**What you have to do**
The required output is the lines below from the line containing "Интересное сравнение показателей" to the line containing "den nigerianske regjeringen", inclusive, retyped exactly. No other lines belong in it.

--- Material for this exercise ---

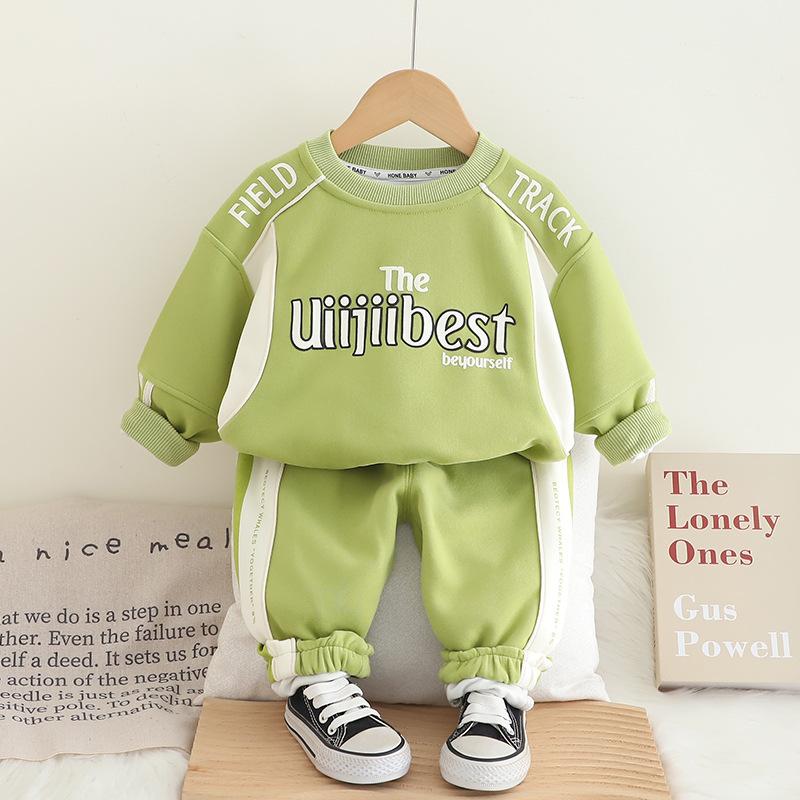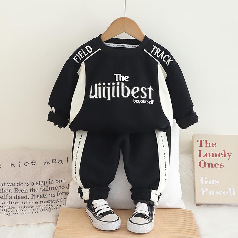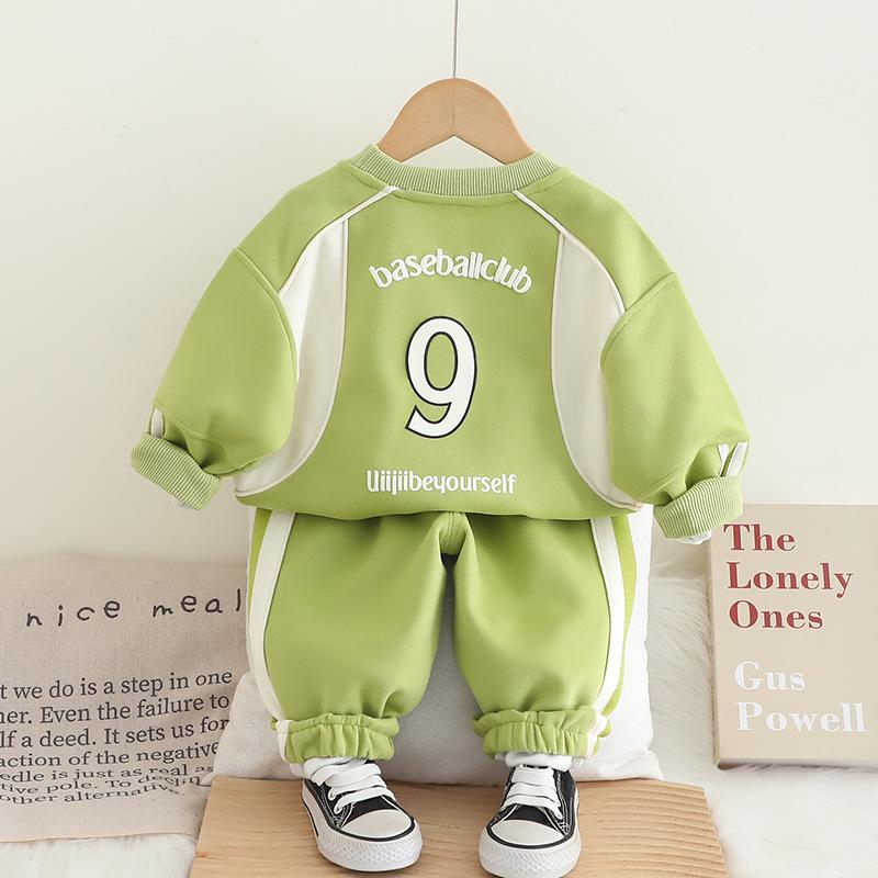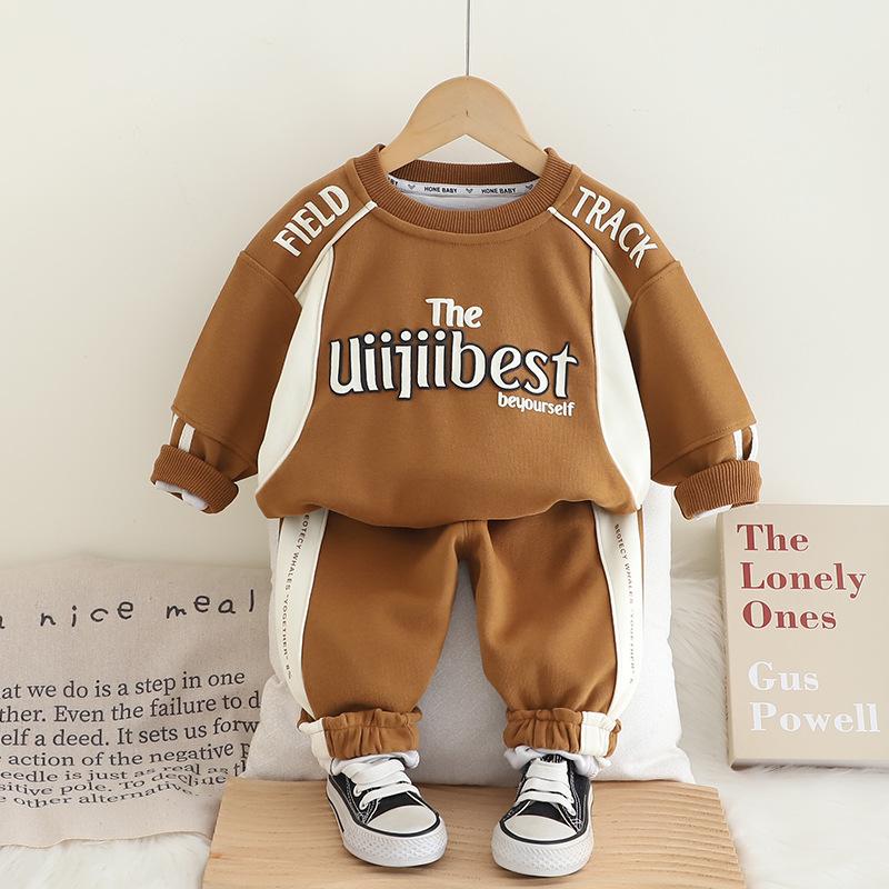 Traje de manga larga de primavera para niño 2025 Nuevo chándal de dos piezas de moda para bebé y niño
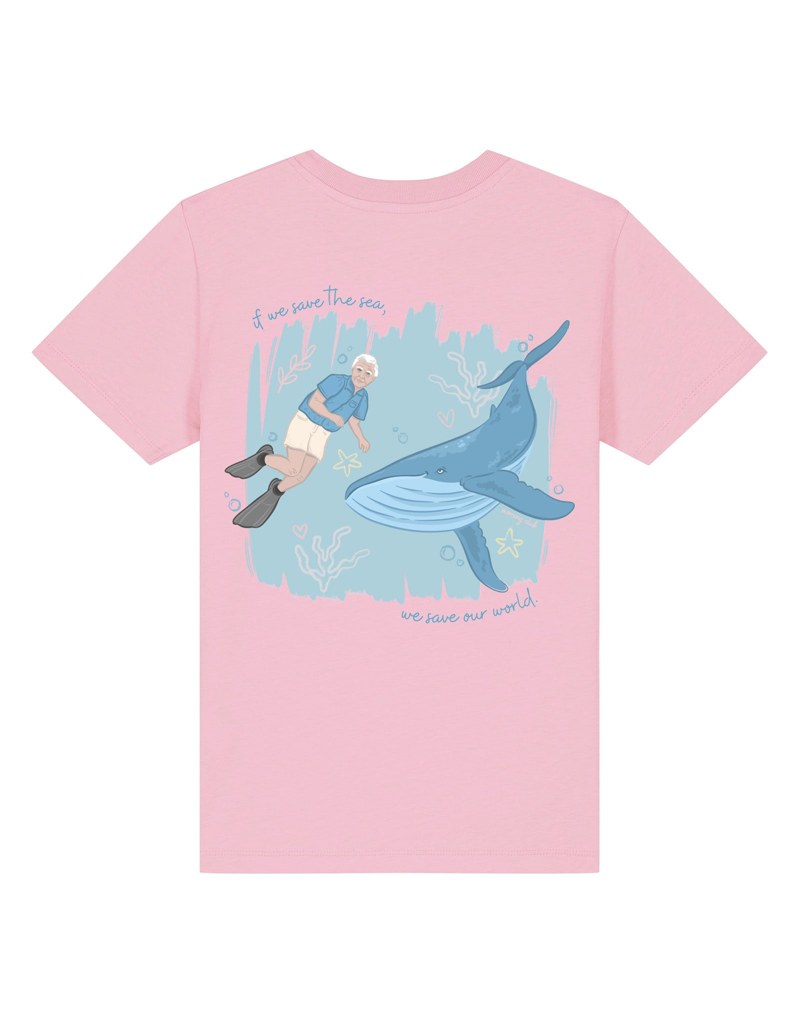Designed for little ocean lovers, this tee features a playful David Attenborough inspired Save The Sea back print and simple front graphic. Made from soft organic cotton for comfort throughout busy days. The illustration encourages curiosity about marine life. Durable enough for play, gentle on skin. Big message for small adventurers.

---
--- Material for this exercise ---

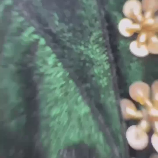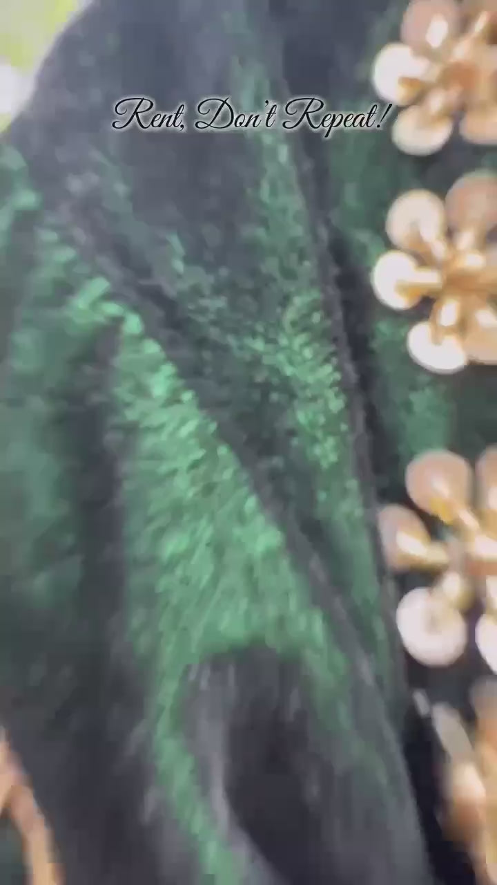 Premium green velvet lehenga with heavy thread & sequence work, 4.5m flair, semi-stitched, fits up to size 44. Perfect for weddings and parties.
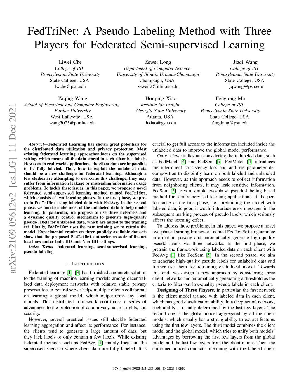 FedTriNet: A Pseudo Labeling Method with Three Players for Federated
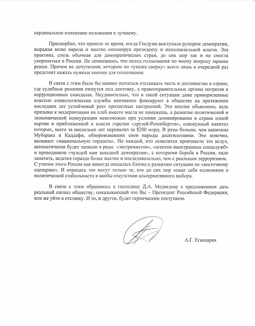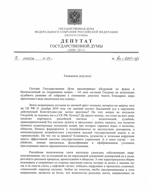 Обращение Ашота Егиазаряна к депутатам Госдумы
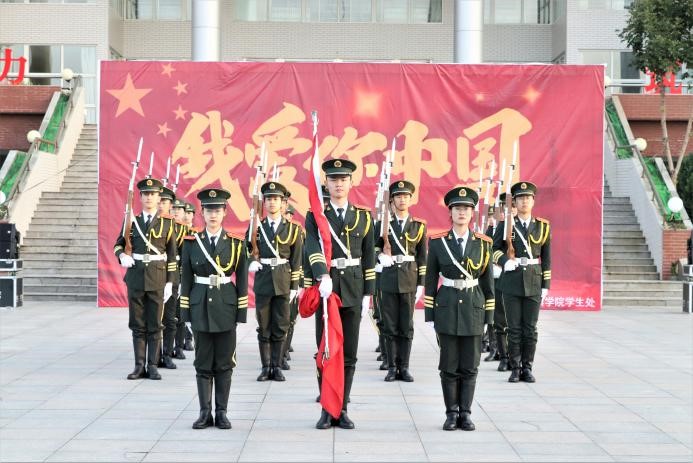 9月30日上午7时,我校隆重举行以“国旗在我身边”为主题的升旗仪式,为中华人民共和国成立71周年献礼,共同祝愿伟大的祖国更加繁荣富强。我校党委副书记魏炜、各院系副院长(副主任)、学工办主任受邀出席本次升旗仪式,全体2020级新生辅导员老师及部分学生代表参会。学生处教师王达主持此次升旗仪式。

---
--- Material for this exercise ---

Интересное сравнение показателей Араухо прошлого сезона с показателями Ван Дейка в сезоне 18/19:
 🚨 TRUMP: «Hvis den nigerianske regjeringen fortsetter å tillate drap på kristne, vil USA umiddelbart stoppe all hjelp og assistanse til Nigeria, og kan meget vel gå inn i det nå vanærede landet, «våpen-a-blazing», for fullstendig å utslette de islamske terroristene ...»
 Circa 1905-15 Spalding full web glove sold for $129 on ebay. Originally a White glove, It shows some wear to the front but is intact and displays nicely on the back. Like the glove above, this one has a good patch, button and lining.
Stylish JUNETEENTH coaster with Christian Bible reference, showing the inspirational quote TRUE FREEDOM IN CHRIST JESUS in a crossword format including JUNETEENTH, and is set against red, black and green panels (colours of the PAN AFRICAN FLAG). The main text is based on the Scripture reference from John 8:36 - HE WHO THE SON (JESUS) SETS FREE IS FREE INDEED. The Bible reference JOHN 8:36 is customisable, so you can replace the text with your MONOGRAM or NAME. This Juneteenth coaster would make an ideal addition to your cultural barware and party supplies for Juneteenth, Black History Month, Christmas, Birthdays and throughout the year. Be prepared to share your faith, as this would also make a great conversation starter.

---

**Exercise result**
Интересное сравнение показателей Араухо прошлого сезона с показателями Ван Дейка в сезоне 18/19:
 🚨 TRUMP: «Hvis den nigerianske regjeringen fortsetter å tillate drap på kristne, vil USA umiddelbart stoppe all hjelp og assistanse til Nigeria, og kan meget vel gå inn i det nå vanærede landet, «våpen-a-blazing», for fullstendig å utslette de islamske terroristene ...»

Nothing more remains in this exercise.